The rapid rise in medical costs has put many employers in a tough spot. They have had to pay much higher insurance premiums, which have increased their labor costs. To make up for these increases, many have given meager pay raises.

The second kind of rationing involves the uninsured. The high cost of care means that some employers can’t afford to offer health insurance and still pay a competitive wage. Those high costs mean that individuals can’t buy insurance on their own.

The uninsured still receive some health care, obviously. But they get less care, and worse care, than they need. The Institute of Medicine has estimated that 18,000 people died in 2000 because they lacked insurance. By 2006, the number had risen to 22,000, according to the Urban Institute.

The final form of rationing is the one I described near the beginning of this column: the failure to provide certain types of care, even to people with health insurance. Doctors are generally not paid to do the blocking and tackling of medicine: collaboration, probing conversations with patients, small steps that avoid medical errors. Many doctors still do such things, out of professional pride. But the full medical system doesn’t do nearly enough.
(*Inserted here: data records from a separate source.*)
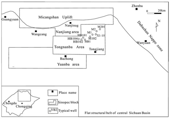 The natural gas resources of the Xujiahe Formation in the Sinopec exploration area are 4.05 trillion cubic meters, and the cumulative natural gas tertiary reserves are 1.52 trillion cubic meters [5]. The proven reserves of the Xujiahe Formation in the northeast of the Sichuan Basin total 738.182 billion cubic meters [6], of which the proven natural gas reserves of the Xujiahe Formation in the Tongnanba block cover an area of 156.42 km2 and reserves of 51.523 billion cubic meters [7]. The block is bounded by the Micangshan structural belt in the north and the Dabashan thrust nappe belt in the east. It mainly contains a NEE-SWW-trending “strip-type” Tongnanba anticline, which is one of the important gas-producing areas in northeast Sichuan. The main gas-bearing layer system is the Upper Triassic Xujiahe Formation, of which the main source rock are subaqueous sandstone deposits of the braided river delta front sub-facies. The reservoir porosity is mainly distributed between 1% and 5%, and the permeability is mainly distributed in (0.01~1) × 10−3 μm2, belonging to ultra-low porosity and ultra-low permeability tight sandstone reservoirs [8].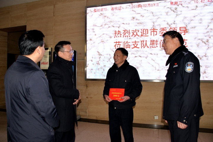 2月7日上午,带着市委领导的关心和厚爱,常德市委常委、市委宣传部部长胡丘陵一行来到交警支队,看望慰问全国道德模范提名奖获得者、湖南省道德模范沈国初,向他致以新春的问候和祝福。市委宣传部常务副部长王兴钊、副部长李清彪,市文明办副主任贵学军,支队政委刘元春等陪同慰问。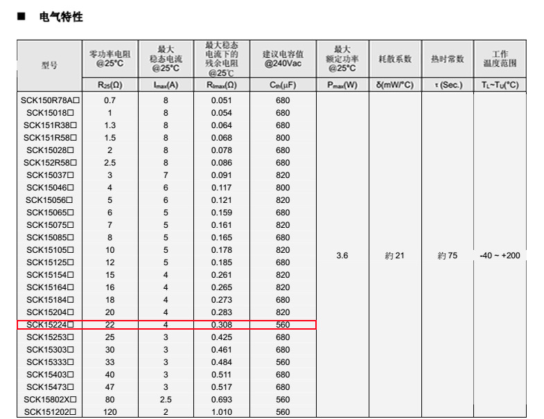 熱敏電阻: 穩(wěn)騰 熱敏電阻型號: SCK15224MSY 熱敏電阻片徑: Φ15mm 零功率電阻@25℃: 22Ω 工作溫度范圍: -40℃±200℃ 儲存溫度范圍: -40℃±85℃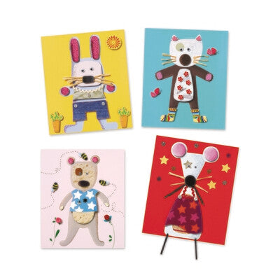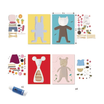 Questo set contiene 4 diversi modelli fatti di cartone extra spesso con elementi adesivi facili da maneggiare. Questi modelli possono essere aggiunti e decorati a piacere.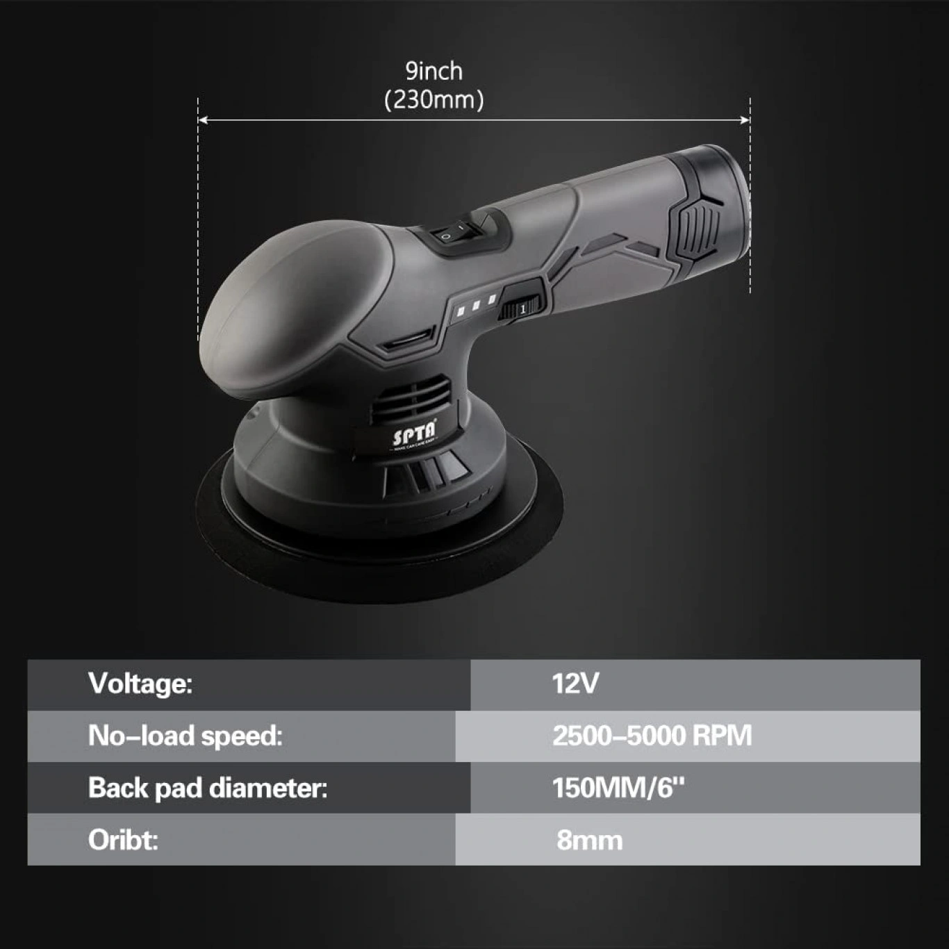 Επαναφορτιζόμενος Έκκεντρος Αλοιφαδόρος SPTA® 150mm 12V με Δύο Μπαταρίες 2x 2Ah & Ρύθμιση Στροφών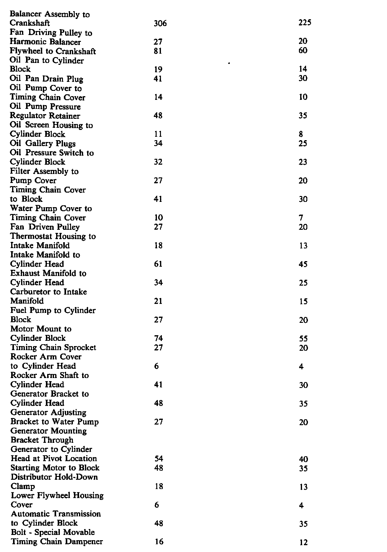 Continued Torque Specifications: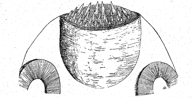 Contracted scolex, showing four rows of hooks.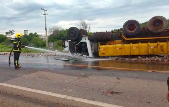 Um caminhão-caçamba caregado de pedras capotou na tarde desta terça-feira, dia 1º de março, no Km 422 da rodovia federal BR 407, no perímetro urbano de Picos, no Sul do Piauí. Dois homens e uma mulher ficaram feridos após um caminhão-caçamba tombar.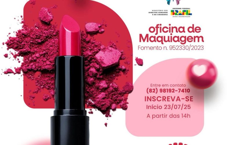 A oficina será conduzida pela instrutora Lysia Flávia: “Vamos trabalhar técnicas de maquiagem para diferentes tipos de pele e formatos de rosto, contornos e correções, olhos marcantes e makes para o dia a dia. Também teremos espaço para explorar maquiagens artísticas, aliando prática e criatividade, sempre com foco na valorização de cada participante e na possibilidade de atuação profissional no mercado da beleza”, explica. As aulas começam nesta quarta-feira, 23, no espaço Ly Studio & Academy, localizado na Rua 04, nº 68 B – Bairro do Feitosa, com aulas presenciais semanais às quartas e quintas-feiras, a partir das 14h.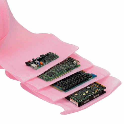 - Pink antistatic foam protects sensitive electronic components from static discharge

He’s overlooking another form of rationing that is so common we tend to forget it: the rationing to which even the insured are exposed when their insurer denies coverage for medical procedures or drugs, often unjustifiably.

As always, the real question is not whether there should be rationing, but who should be doing it. Personally, I’m not impressed with the craftsmanship of the invisible hand.

Again, great column. Wouldn’t it be nice if this sort of analysis made its way onto the tube?